A common criticism of hunting (and, as in Carol Adam's vegetarian feminism, of meat-eating in general) is that the hunter objectifies the prey, enforcing the split between human and nonhuman nature. According to this logic, one can only kill and eat something one perceives as an inferior "other," an entity worthy of use rather than of love or mutual regard. Yet from all we know about hunter-gatherer worldviews, precisely the opposite is the case for people who rely upon hunting for a significant portion (literal or symbolic) of their sustenance. For them, they animals they hunt and the predator species that are hunters like themselves, are kindred souls, powerful and intelligent. All animals, nonhuman and human, participate together in a web of pulsating life: birthing and nurturing, pursuing and fleeing, capturing, and dying.

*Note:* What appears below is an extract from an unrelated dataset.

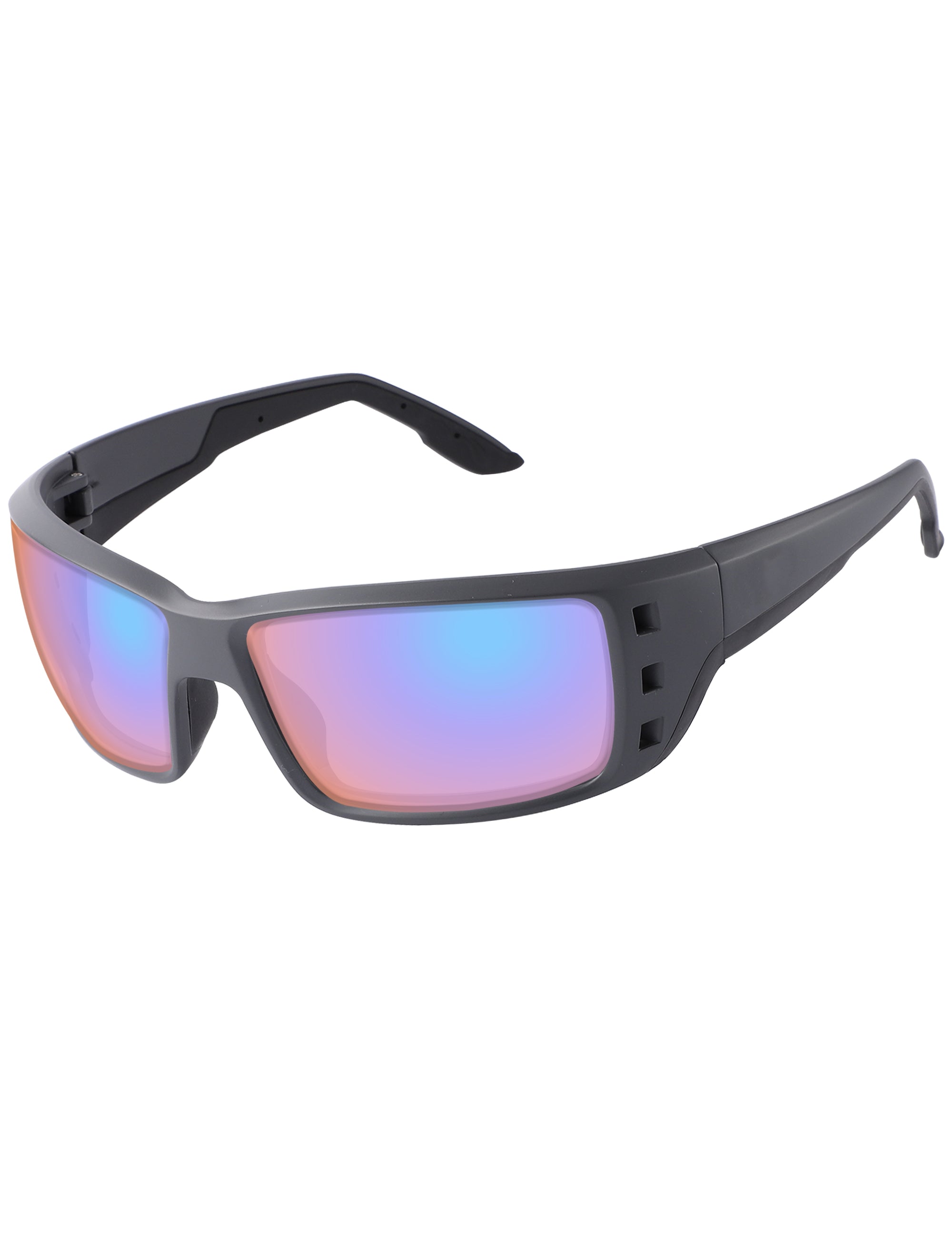 A grey lens with dark blue mirror coating that amplifies colours and improves optical comfort in bright conditions.

By contrast ...the conventional view of nature that has developed in American civilization and, arguably, has reached its quintessential expression in such movements as animal liberation and radical ecofeminism, insists upon two assumptions: that humans are not really part of nature, and that our primary way of involving ourselves with the natural world is to destroy it.

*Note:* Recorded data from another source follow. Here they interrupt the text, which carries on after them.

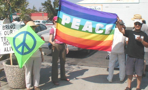 Over 100 people came to the Tower District in Fresno, in solidarity with people throughout the country demanding an end to the US occupation of Iraq. Peace Fresno organizer Ken Hudson said he was there “to call for the troops to come home now and to see a UN transitional government in place in Iraq.”
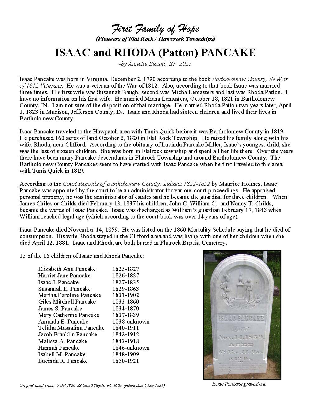 Pancake, Isaac and Rhoda (Patton)
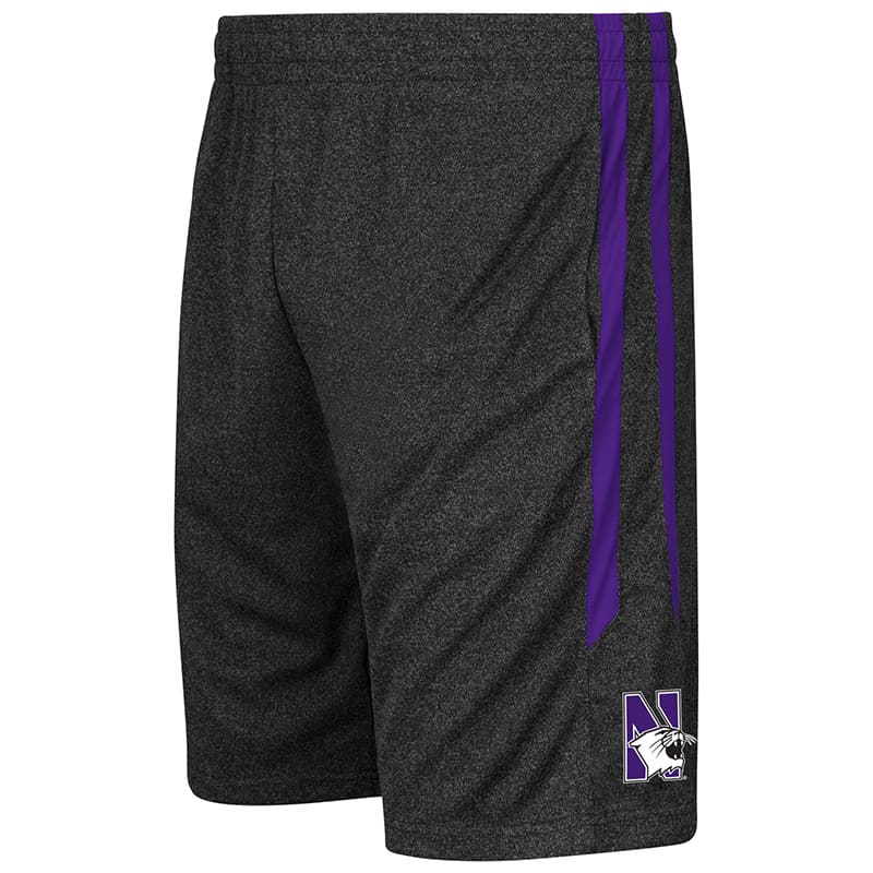 Northwestern University Wildcats Colosseum men’s Heather Black Sidler Short with N-Cat Design

Brings to mind C.S. Lewis when he said "Love is something more stern and splendid than mere kindness."
Speaking of woman the hunter, our teacher Jackson Landers mentioned that women are the fastest growing group of hunters. Our class had three, including myself. I enjoyed the company of everyone on the trip immensely, but was especially heartened to see my fellow females. As I will write in a later post, it's rather unfortunate that so many men see hunting as "reclaiming manliness." I see it as reclaiming our human-ness that has nothing to do with sex. Either way, Woman the Hunter is an excellent book no matter your gender.

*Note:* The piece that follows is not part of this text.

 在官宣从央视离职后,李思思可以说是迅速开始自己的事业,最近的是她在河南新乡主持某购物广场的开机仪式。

The deer itself? The taste was magnificent. Each piece had a different flavor and only a few were gamey. For those who requested the recipe, the heart I prepared the way I prepare every heart- in coconut with red pepper, tamarind, ginger, cilantro, and garlic. Either simmer in coconut milk or fry in coconut oil. A more locavore approach can be found in Fergus Henderson's Nose to Tail, where he recommends marinating in vinegar.
I plan to improve my shooting skills and my family has invited me to hunt deer in Wisconsin this fall. Hopefully I can get all the licenses in order...one thing I learned is that it is very hard to have a real hunting rifle in NYC. Unless you are crazy and willing to hunt with a Civil War musket, it can take up to a year and $250 to acquire the right to have a hunting rifle in the city!
I never asked for to find my twin, but there you are
And I never asked for the spools to unspin, but there they roll.
I never asked for to carve your ribs, but here I go
and I've never pleaded for a new skin as i do now
Flowers and blood
Build up a new me of flowers and blood
I'll shoot me a gun made of leaf and branch in this here town
and eat me a bowl full of secret and mud, yes, I will
if you build up a new me of flowers and blood -- say you will.